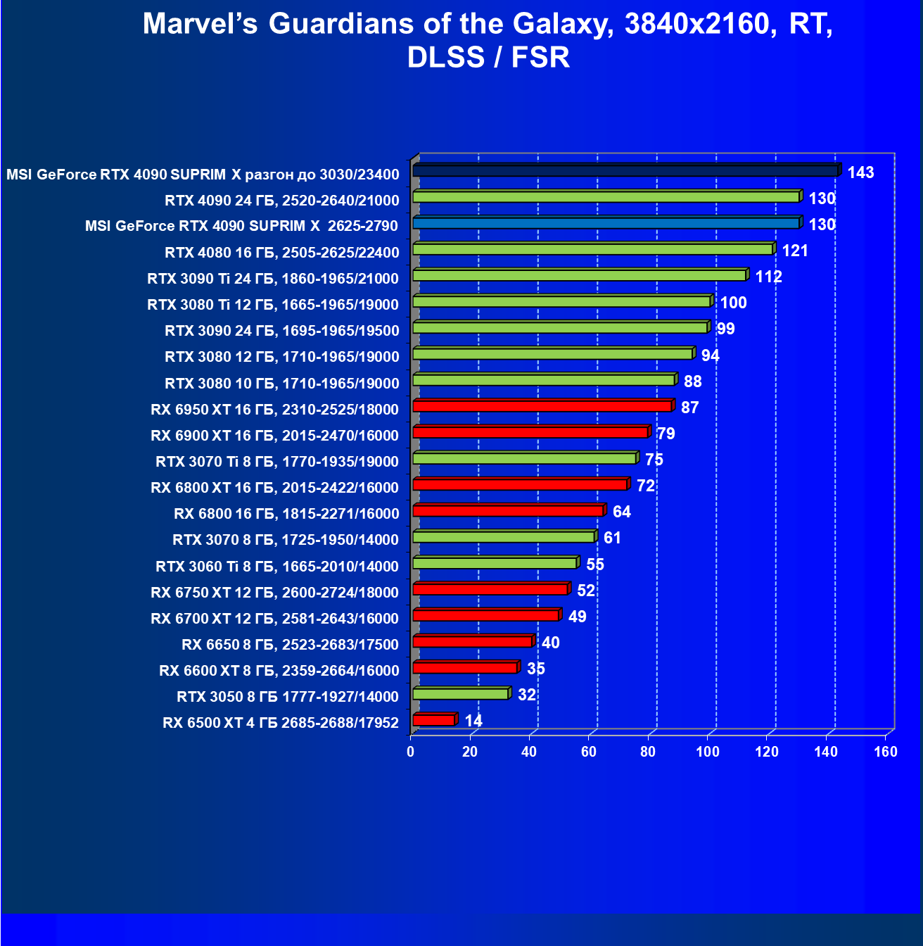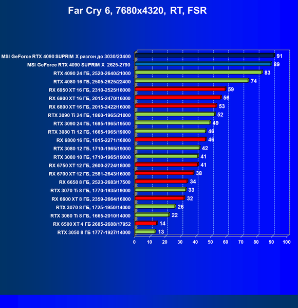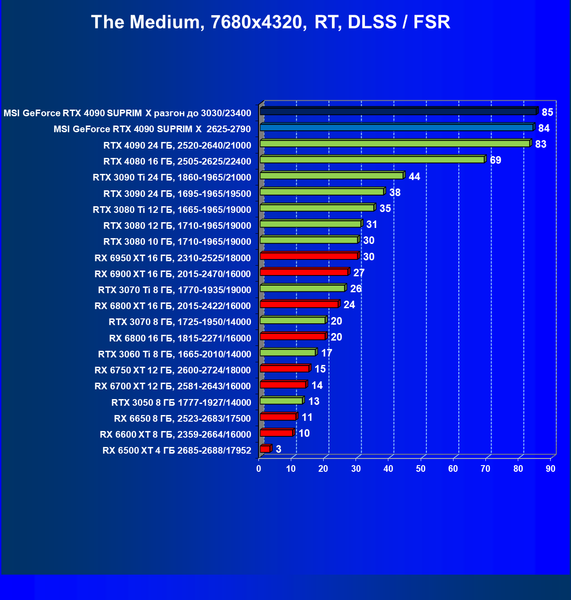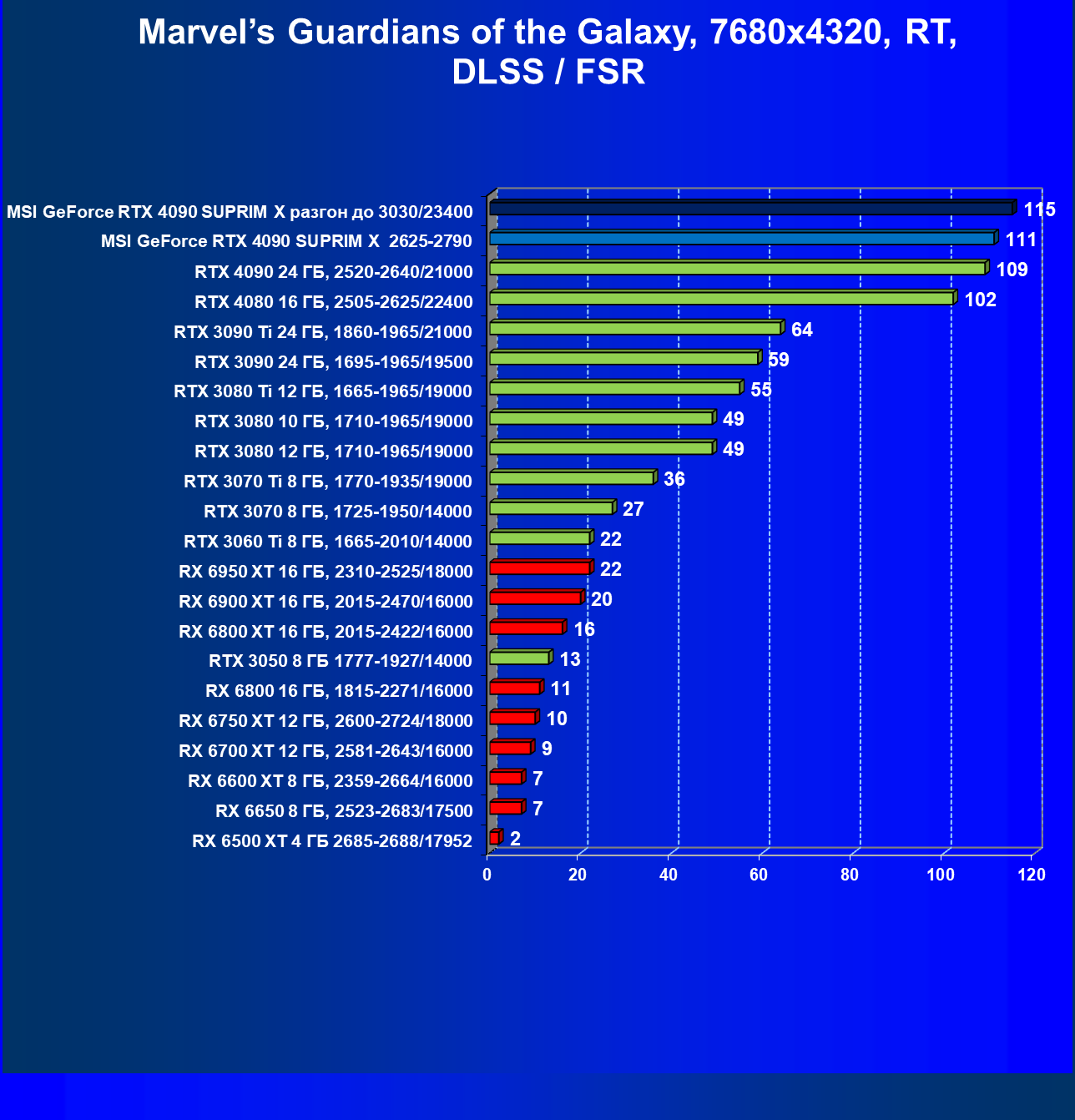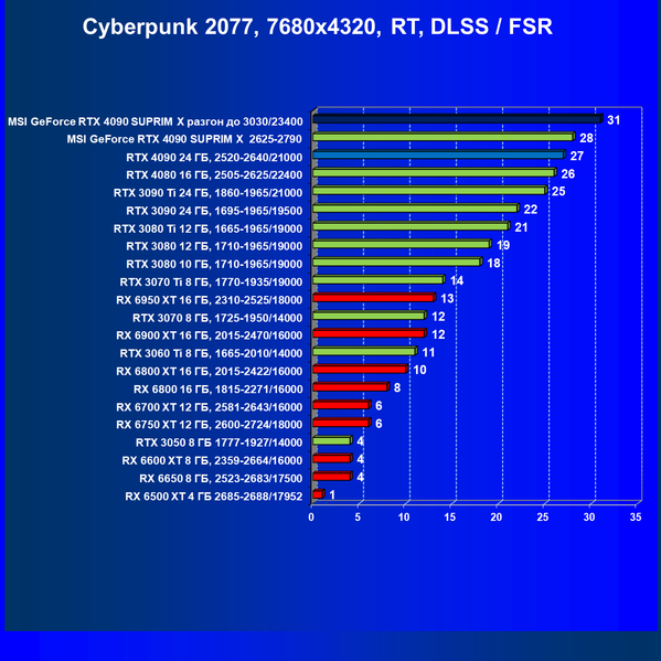 Учитывая, что RTX 4090 является лидером по производительности на сегодня, и тем более с учетом потенциала для разгона у карты MSI, логично было выполнить тесты и в огромном разрешении 8K — разумеется, с применением DLSS/FSR и трассировки лучей.
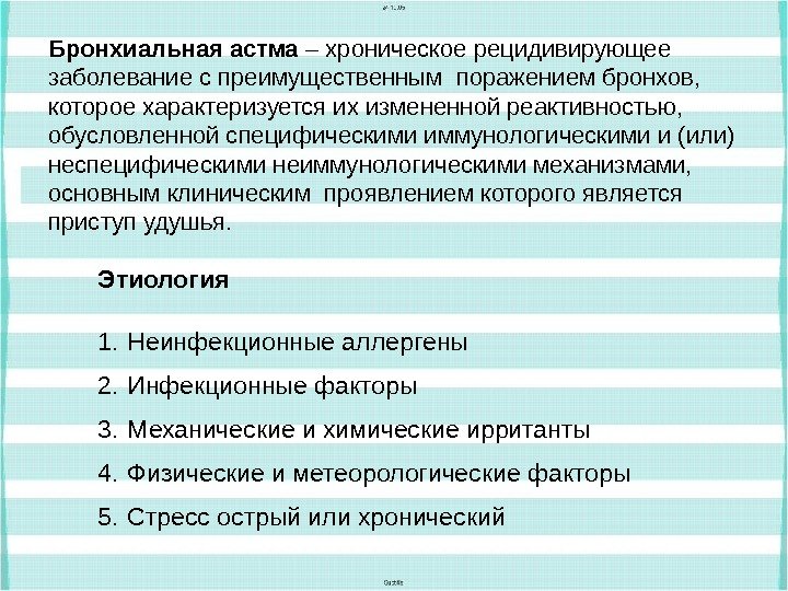 Бронхиальная астма – хроническое рецидивирующее заболевание с преимущественным поражением бронхов, которое характеризуется их измененной реактивностью, обусловленной специфическими иммунологическими и (или) неспецифическими неиммунологическими механизмами, основным клиническим проявлением которого является приступ удушья. Этиология 1. Неинфекционные аллергены 2. Инфекционные факторы 3. Механические и химические ирританты 4. Физические и метеорологические факторы 5. Стресс острый или хронический
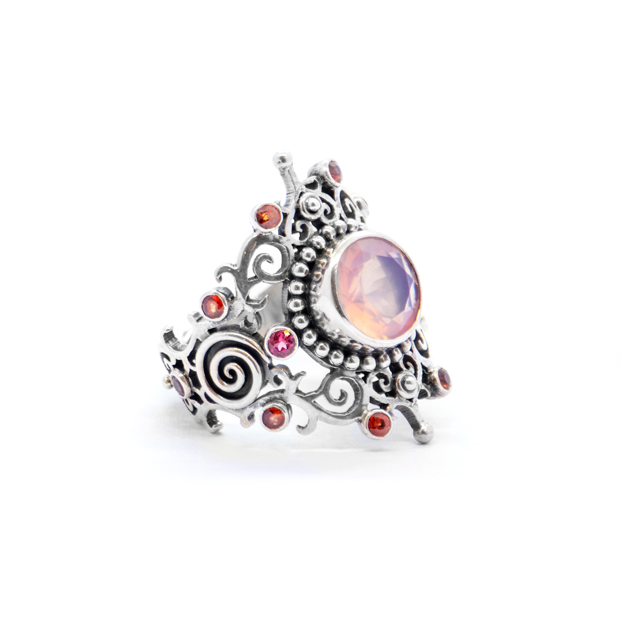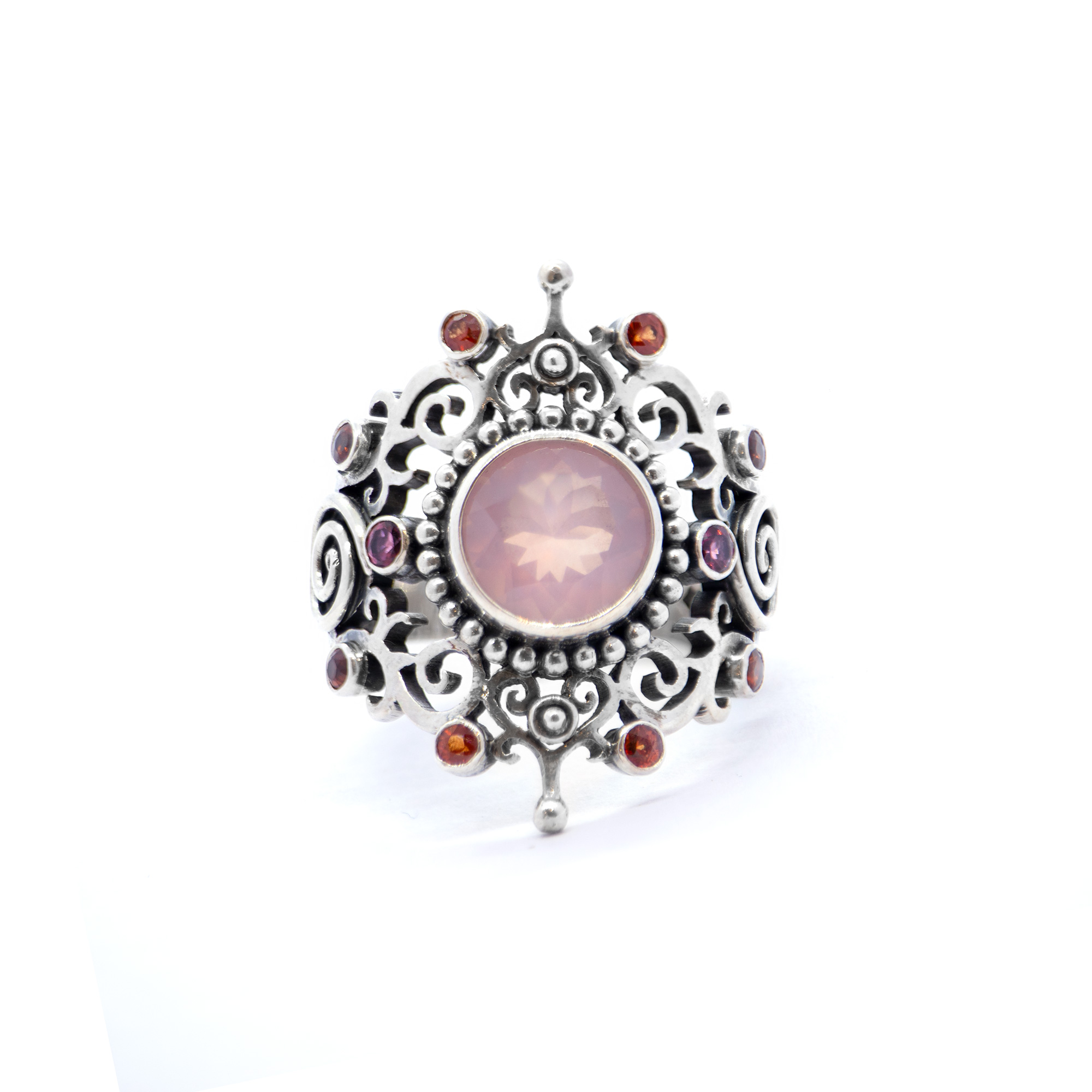 Rosequartz Jali ring with pink tourmalines and orange sapphires, Sterling Silver -BN201

##########

#### Work required:
Write out the material above precisely, leaving each picture behind.

#### Written solution:
 Учитывая, что RTX 4090 является лидером по производительности на сегодня, и тем более с учетом потенциала для разгона у карты MSI, логично было выполнить тесты и в огромном разрешении 8K — разумеется, с применением DLSS/FSR и трассировки лучей.
 Бронхиальная астма – хроническое рецидивирующее заболевание с преимущественным поражением бронхов, которое характеризуется их измененной реактивностью, обусловленной специфическими иммунологическими и (или) неспецифическими неиммунологическими механизмами, основным клиническим проявлением которого является приступ удушья. Этиология 1. Неинфекционные аллергены 2. Инфекционные факторы 3. Механические и химические ирританты 4. Физические и метеорологические факторы 5. Стресс острый или хронический
 Rosequartz Jali ring with pink tourmalines and orange sapphires, Sterling Silver -BN201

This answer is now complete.